Older blog entries for sab39 (starting at number 72)

Dawn, the Alpha Dog

One of the men I admire most in this world is my friend, Adam Dean. Despite being born with cerebral palsy, resulting in a speech impediment that limits the number of words he can actually physically say to almost single digits and a right arm he's entirely unable to use at all, Adam never thinks of himself as "disabled" and has achieved more than many "able-bodied" people even aspire to. He lives alone, doing all the day-to-day chores he needs to do for himself (just imagine doing all your chores one-handed). He has a very successful career as a lawyer, using a speech synthesis device (think Stephen Hawking) to communicate. On a personal note he's a loyal and generous friend. And now he's also a published author.

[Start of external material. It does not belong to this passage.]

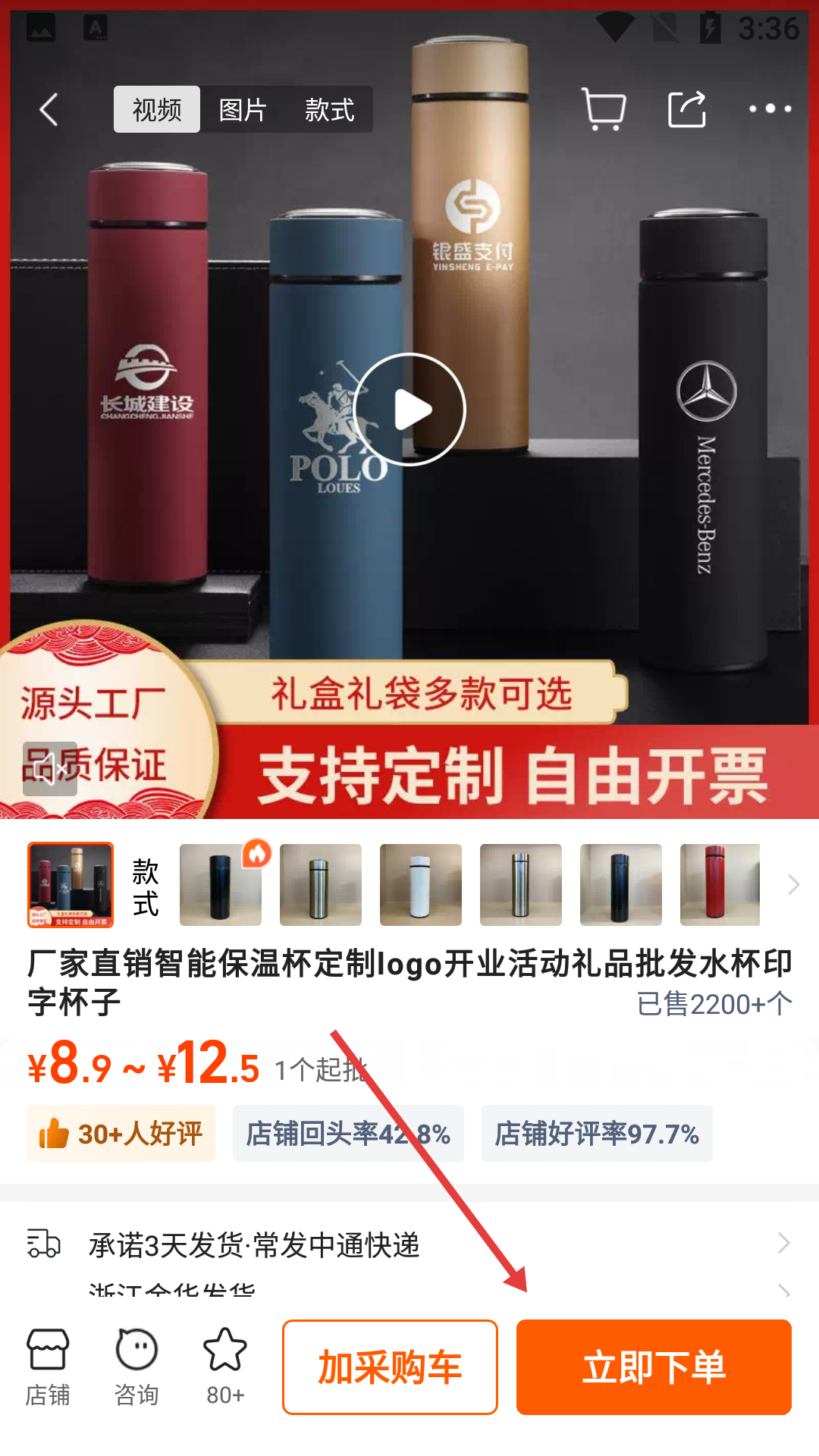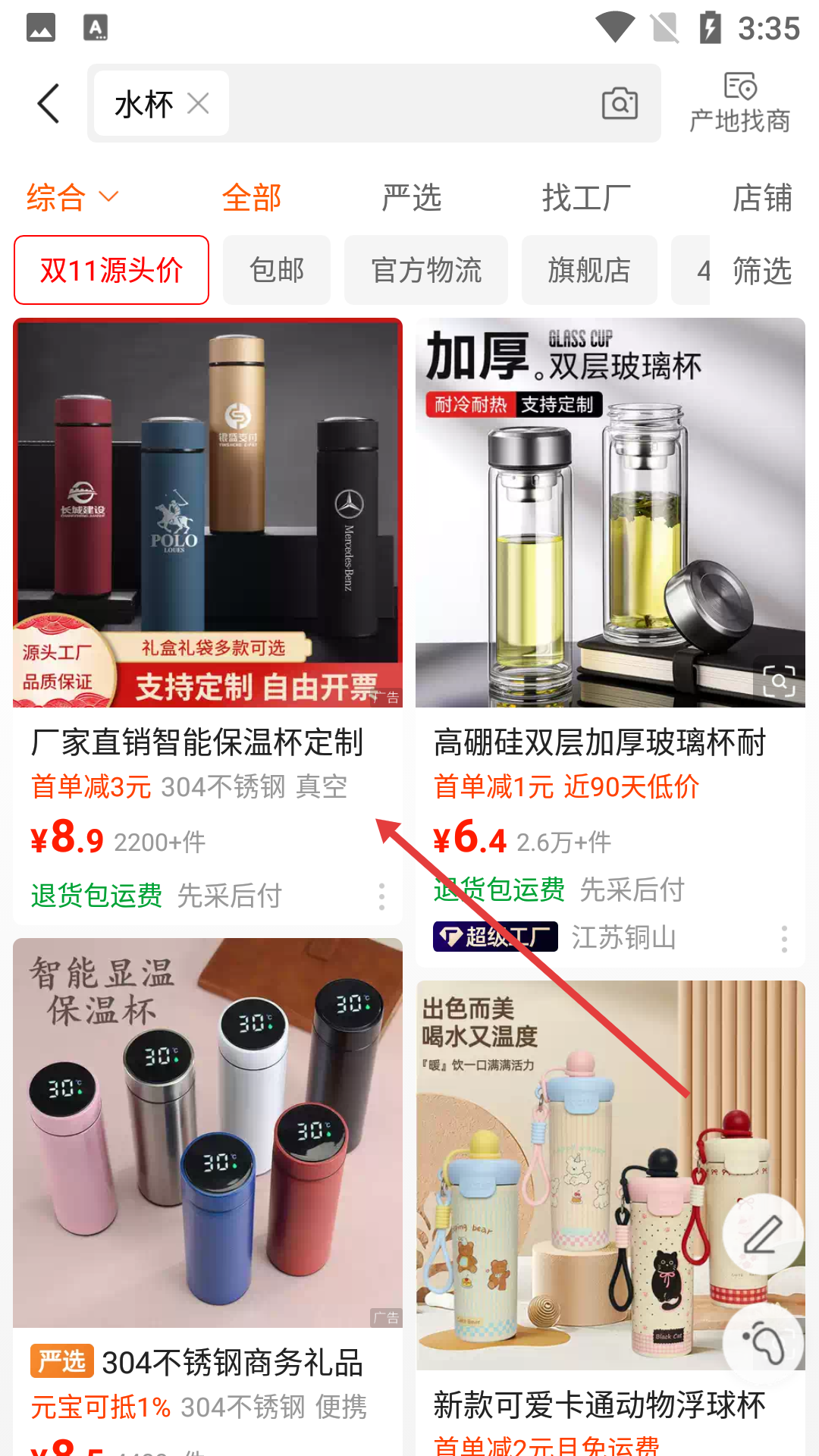 3、在搜索结果中找到目标商品,如【厂家直销智能保温杯定制】。

Adam's first book, "Dawn, the Alpha Dog... and Related Stories", is now available. The book is billed as a collection of short stories, but for the most part it reads as one coherent story told as a series of moment-in-time snapshots over the course of a relationship. It's well written and an engaging read, with characters that you can believe in and root for - or sometimes against.

The stories are written in the first person, and Adam gave the protagonist the same disability he has. One of my favorite aspects of the book was the inclusion of little asides that give insight into what it's really like interacting with other people when something as "simple" as speech is a significant effort. But at the same time the story is universal; the real communication issues in the story are the same ones anybody would face in Adam's character's situation.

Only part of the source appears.